A young man named John received a parrot as a gift. The parrot had a bad attitude and an even worse vocabulary. Every word out of the bird's mouth was rude, obnoxious and laced with profanity. John tried and tried to change the bird's attitude by consistently saying only polite words, playing soft music and anything else he could think of to 'clean up' the bird's vocabulary. 

Finally, John was fed up and he yelled at the parrot. The parrot yelled back. John shook the parrot and the parrot got angrier and even more rude. John, in desperation, threw up his hand, grabbed the bird and put him in the freezer.

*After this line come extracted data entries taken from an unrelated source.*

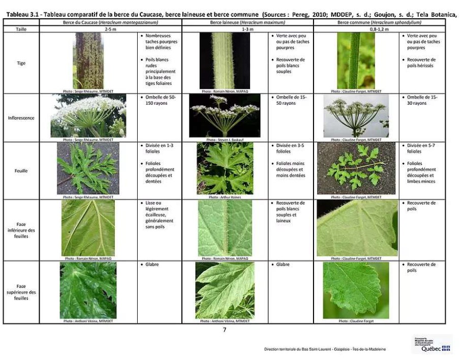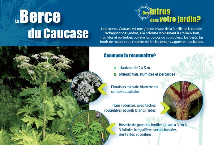 - Berce du Caucase (Heracleum mantegazzianum) : espèce exotique envahissante, elle est une plante originaire d'Eurasie qui a été introduite en Amérique par l'horticulture. Elle a été répertoriée au Québec pour la première fois en 1990. Impressionnante, elle peut atteindre 5 mètres de hauteur !
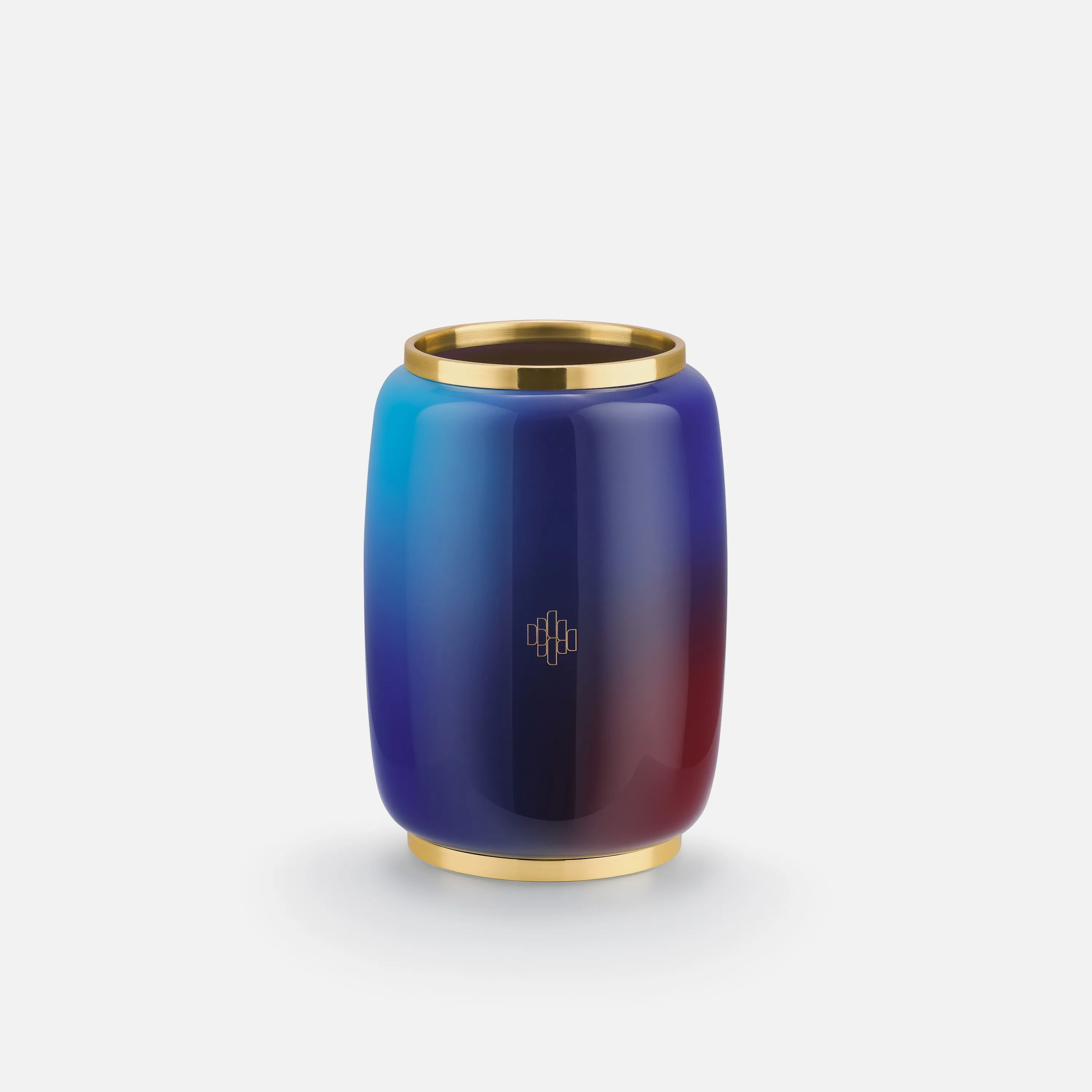 Bình hoa Moonbow ứng dụng kỹ thuật lan màu với hai màu xanh dương và tím để tạo hiệu ứng chuyển sắc. Thân bình được hoàn thiện bằng chi tiết khắc vào màu nhũ vàng để tạo điểm nhấn.
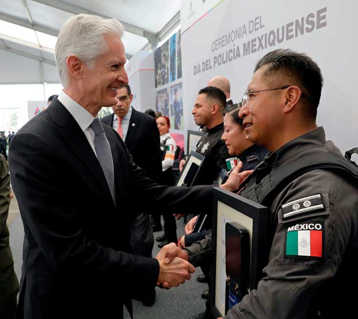 En reconocimiento a su labor cotidiana y al sacrificio que hacen para ofrecer más seguridad a la ciudadanía, el Gobernador Alfredo Del Mazo Maza refrendó su compromiso para continuar mejorando la labor policial y aseguró que, a poco más de cinco años de que inició su administración, hoy el Estado de México cuenta con una mejor policía, que está más preparada para hacer frente a la delincuencia.
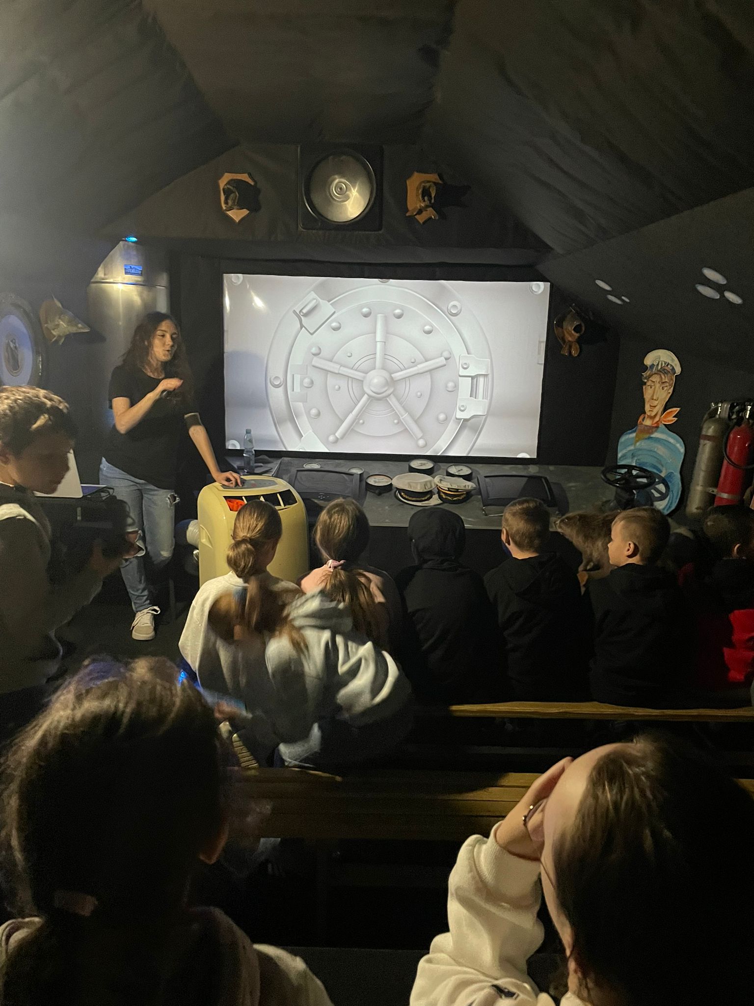Odwiedzili Muzeum Przyrodnicze, które jest ciekawą, nowoczesną, interaktywną formą przekazu informacji na temat gatunków zwierząt i roślin zamieszkujących region Pogórza Karpackiego. Znajduje się tutaj również ekspozycja ornitologiczna, pogórzańska łąka, batystaf, modele dużych drapieżników. Czwartoklasiści wykazali się ogromną wiedzą i zainteresowaniami przyrodniczymi. Chętnie brali udział w doświadczeniach i eksperymentach.

For a few minutes the parrot squawked and kicked and screamed. Then suddenly there was total quiet. Not a peep was heard for over a minute. Fearing that he'd hurt the parrot, John quickly opened the door to the freezer. The parrot calmly stepped out onto John's outstretched arms and said:

"I believe I may have offended you with my rude language and actions.

I'm sincerely remorseful for my inappropriate transgressions and I fully intend to do everything I can to correct my rude and unforgivable behavior."

John was stunned at the change in the bird's attitude. As he was about to ask the parrot what had made such a dramatic change in his behavior, the bird spoke-up, very softly, 
"May I ask what the chicken did?"


----------